*Requirement:* A verbatim reproduction of the lines below, from the line containing "<B>1881-S $1 MS66" through the line containing "2、進(jìn)入到游戲場景", both ends included, is the whole required output.

** Opening Source information block **

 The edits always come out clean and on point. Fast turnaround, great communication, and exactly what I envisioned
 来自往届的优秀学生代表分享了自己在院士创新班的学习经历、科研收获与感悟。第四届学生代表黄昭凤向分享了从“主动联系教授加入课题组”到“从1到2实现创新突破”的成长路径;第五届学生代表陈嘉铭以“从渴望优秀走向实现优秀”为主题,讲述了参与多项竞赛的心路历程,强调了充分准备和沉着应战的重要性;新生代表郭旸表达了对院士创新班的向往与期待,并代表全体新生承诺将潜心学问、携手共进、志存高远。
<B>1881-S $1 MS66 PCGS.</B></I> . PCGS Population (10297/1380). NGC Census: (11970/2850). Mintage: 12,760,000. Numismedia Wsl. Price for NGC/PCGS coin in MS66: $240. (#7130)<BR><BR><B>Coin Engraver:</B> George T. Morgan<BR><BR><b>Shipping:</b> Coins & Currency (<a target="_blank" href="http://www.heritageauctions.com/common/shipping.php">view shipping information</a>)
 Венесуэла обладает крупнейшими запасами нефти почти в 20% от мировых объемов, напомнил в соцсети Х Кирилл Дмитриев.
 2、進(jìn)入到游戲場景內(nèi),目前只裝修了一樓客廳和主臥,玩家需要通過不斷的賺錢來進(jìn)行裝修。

** Closing Source information block **
** Opening Source information block **

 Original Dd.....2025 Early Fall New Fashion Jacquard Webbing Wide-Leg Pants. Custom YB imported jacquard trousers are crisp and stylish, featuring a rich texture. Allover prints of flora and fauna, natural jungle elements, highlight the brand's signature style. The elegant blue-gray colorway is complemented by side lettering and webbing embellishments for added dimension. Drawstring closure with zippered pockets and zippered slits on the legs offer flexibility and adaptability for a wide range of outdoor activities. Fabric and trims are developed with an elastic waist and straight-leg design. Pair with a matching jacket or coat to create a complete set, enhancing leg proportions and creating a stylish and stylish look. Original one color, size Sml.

** Closing Source information block **

*Finished exercise:*
<B>1881-S $1 MS66 PCGS.</B></I> . PCGS Population (10297/1380). NGC Census: (11970/2850). Mintage: 12,760,000. Numismedia Wsl. Price for NGC/PCGS coin in MS66: $240. (#7130)<BR><BR><B>Coin Engraver:</B> George T. Morgan<BR><BR><b>Shipping:</b> Coins & Currency (<a target="_blank" href="http://www.heritageauctions.com/common/shipping.php">view shipping information</a>)
 Венесуэла обладает крупнейшими запасами нефти почти в 20% от мировых объемов, напомнил в соцсети Х Кирилл Дмитриев.
 2、進(jìn)入到游戲場景內(nèi),目前只裝修了一樓客廳和主臥,玩家需要通過不斷的賺錢來進(jìn)行裝修。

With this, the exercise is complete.